Your body starts breaking down long before you’re ready or expected, despite every warning you heard your whole life.
It's traumatic for many. People start to realize that they actually age in their 30s and turn to weird shit because they don't know how to deal with trauma of aging.
Rampant discrimination against older people, especially women is crazy and something you don't fully notice until you or your peers are affected directly.
In your mid 30s all the pets you and your friends got as your first pets as “adults” die. That first dog for your first place? Dead. That first cat after college? Dead. They all die in the same ~5 years period so you relive your loss through your friends over and over, and dog save you if those happened to be the pets your children were born with… it’s so hard
RIP Evey, Momo, Bonnie, Otie, Maddoc, Buddy Lee, Twinkie, Blue and Pippen, among so many others, we still miss you 💔
My wife and I have been married for 15 years, our 9th cat is now 2 years old.
We started with my two, and her two. Magic (1), Carmen (2), Max (3), and Paddy (4).
We lost Magic and Carmen (siblings) when they were 15. Then Paddy.
We took in Whisper (5), as a stray, then got Rocket (6) and Keanu (7).
We were forced to downsize and limited to two cats.

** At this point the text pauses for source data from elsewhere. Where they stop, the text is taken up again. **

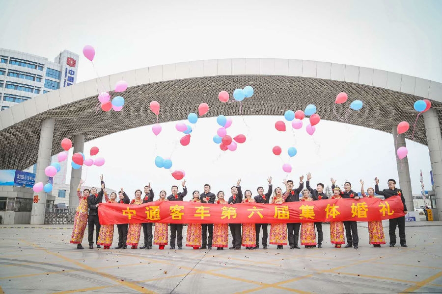 鵲上枝頭春意鬧,燕飛心懷伊人來。時(shí)間飛逝,一年一度的集體婚禮于2018年1月2日如期而至,中通客車第六屆集體婚禮隆重舉行。中通客車董事長李樹朋、總經(jīng)理孫慶民攜公司領(lǐng)導(dǎo)班子成員參加活動(dòng),山東省交通廳的高洪濤廳長、青島公交董事長趙海濱先生及公司領(lǐng)導(dǎo)班子、萊蕪長運(yùn)副總經(jīng)理尚念進(jìn)先生也來到現(xiàn)場(chǎng),為集體婚禮和11對(duì)新人帶來了祝福。
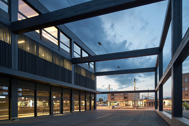Der blau schwarze Holzbau weist mit seiner klar lesbaren Struktur auf die grossen Räume im Innern hin. Die innovative Holzbautechnologie, verbunden mit einer duldsamen Holzkonstruktion in Bezug auf technische Bearbeitung und verschiedenste Oberflächenbehandlungen, ermöglicht eine Fülle an szenografischen Interventionen in den Innenräumen und macht selbst die Aussenhülle für Ausstellungszwecke bespielbar. Dank effizienter Wärmeerzeugung und einer guten Gebäudehülle können die Betriebskosten niedrig gehalten werden. Die einfache und nachhaltige Bauweise verschafft dem Haus einen zeitgemässen Auftritt und setzt gleichermassen einen neuen Akzent im neuen Bahnhofsareal.
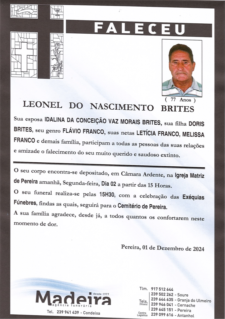 Falecimento do Sr. Leonel do Nascimento Brites
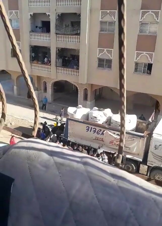 From a high vantage point behind a metal railing, the video shows a street scene in front of an apartment building. A large truck with white tanks or containers in the bed is parked on the street, and a group of people are gathered around it. Some of them appear to be receiving or handling items from the truck. The apartment building is beige with multiple stories, balconies, and arched walkways on the ground level. People can be seen on some of the balconies. The sky is blue and the scene appears to be well-lit. Overall, the video captures a moment of activity and possible distribution of supplies or goods in an urban setting.

Our son was attached to Max, and took him. He later died from cancer.
Whisper DEMANDED the outdoor life and was adopted by a horse farm where he was hit by a car.
When we bought a house, two of our neighbor cats had litters so we took in Lorelei (8) and Willow (9).
You get smarter but young people keep being dumb.
All right all right all right.
It fucking hurts.
Seriously, every day there's a new ache or pain. Things that never hurt when I was younger now hurt if I think about them wrong.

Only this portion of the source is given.